Revealing local order via high energy EELS

Short range order (SRO) is critical in determining the performance of many important engineering materials. However, accurate characterization of SRO with high spatial resolution -which is needed for the study of individual nanoparticles and at material defects and interfaces -is often experimentally inaccessible. Here, we locally quantify SRO via scanning transmission electron microscopy with extended energy loss fine structure analysis. Specifically, we use novel instrumentation to perform electron energy loss spectroscopy out to 12 key, accessing energies which are conventionally only possible using a synchrotron. Our data is of sufficient energy resolution and signal-to-noise ratio to perform quantitative extended fine structure analysis, which allows determination of local coordination environments. To showcase this technique, we investigate a multicomponent metallic glass nanolaminate and locally quantify the SRO with <10 nm spatial resolution; this measurement would have been impossible with conventional synchrotron or electron microscopy methods.
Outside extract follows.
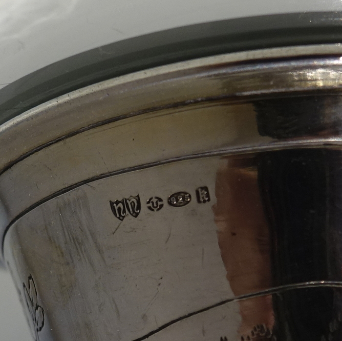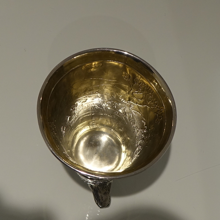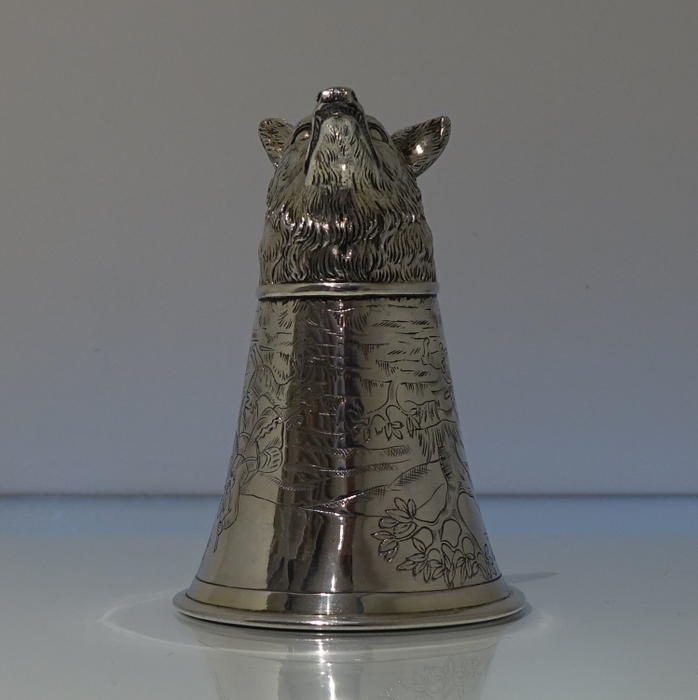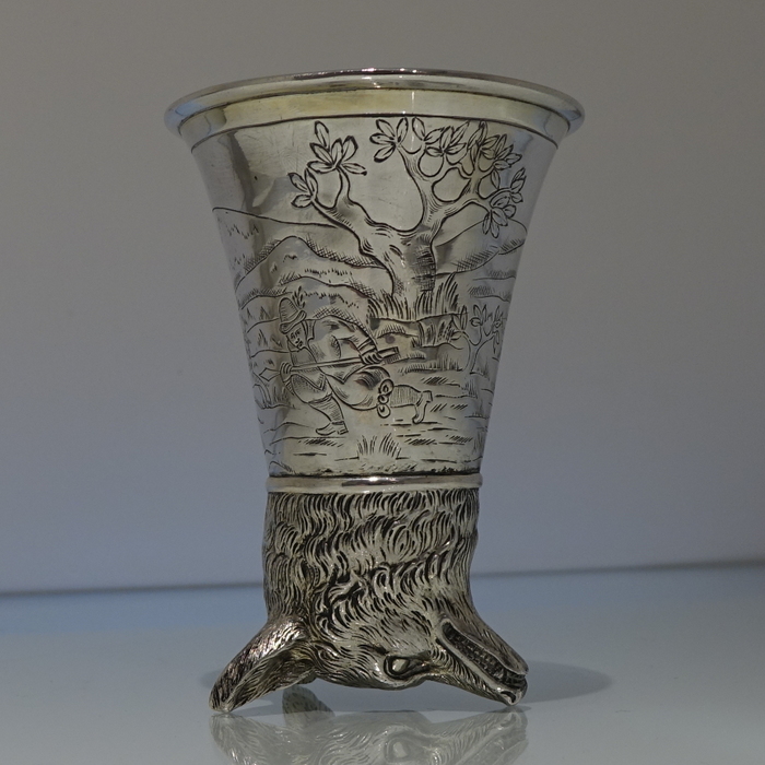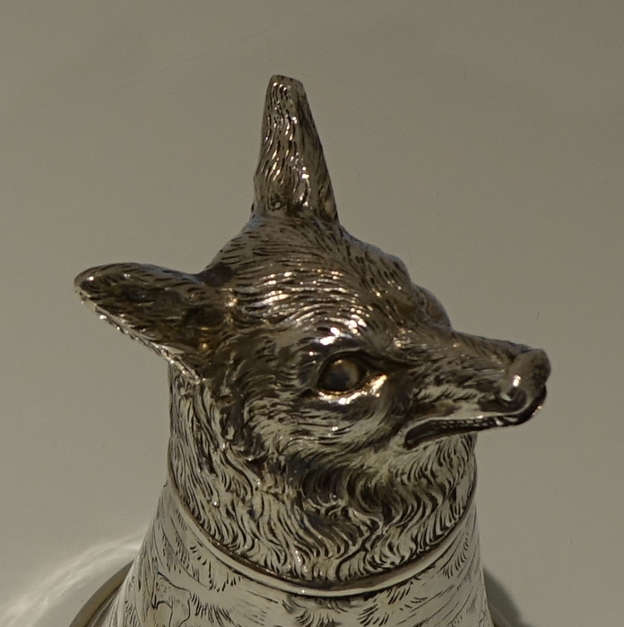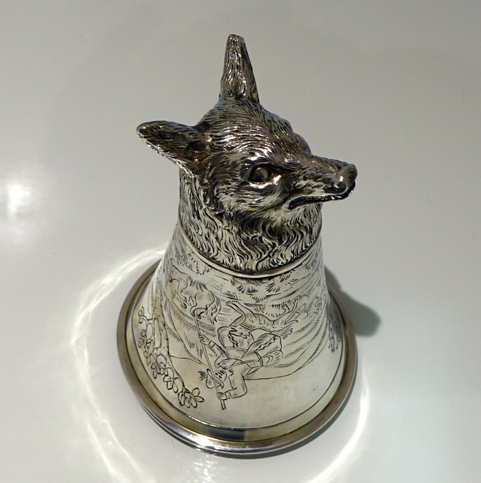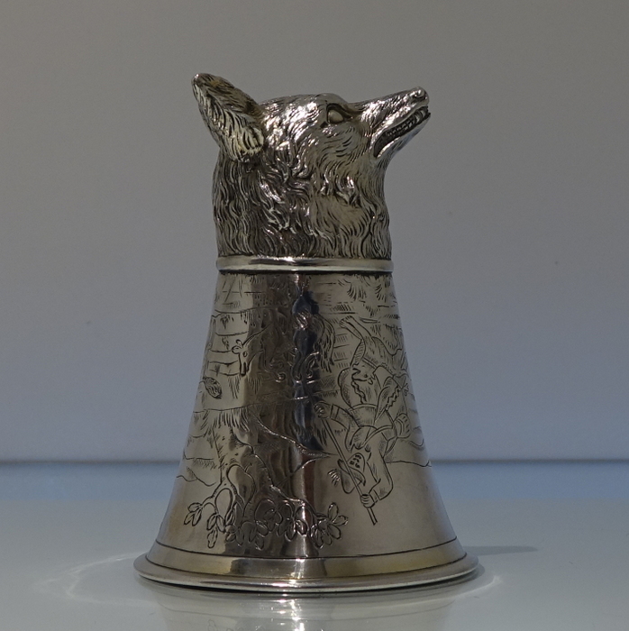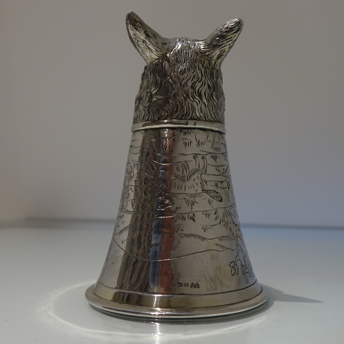A stylish early 20th century stirrup cup elegantly engraved with hunting scenes on the bowl. Â The mount is modelled on a ‘foxes head’ and is realistic in design.
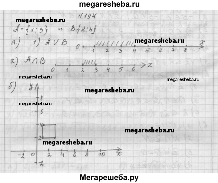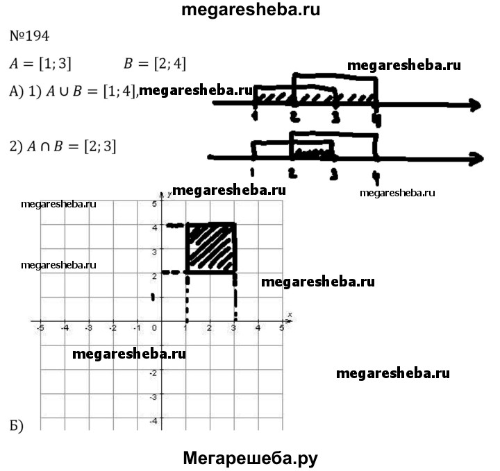 194. Даны два множества: А = [1; 3] и В = [2; 4]. а) Изобразите на координатной оси множество: 1) A U В; 2) А ∩ В. б) Изобразите в системе хОу все точки, координаты которых (x; у) являются элементами множества А х В.

We discuss the nature of SRO within the metallic glass phase, as well as the wider applicability of our approach for determining processing-SRO-property relationships in complex materials.(c) 2022 Elsevier Ltd. All rights reserved.

Automated summary

Short range order (SRO) is crucial for determining the performance of engineering materials, but accurate characterization with high spatial resolution is often experimentally inaccessible. In this study, SRO is locally quantified using scanning transmission electron microscopy with extended energy loss fine structure analysis. A novel instrumentation enables electron energy loss spectroscopy at energies conventionally achievable only with a synchrotron. This technique allows for quantitative analysis of local coordination environments and has been successfully applied to investigate a multicomponent metallic glass nanolaminate.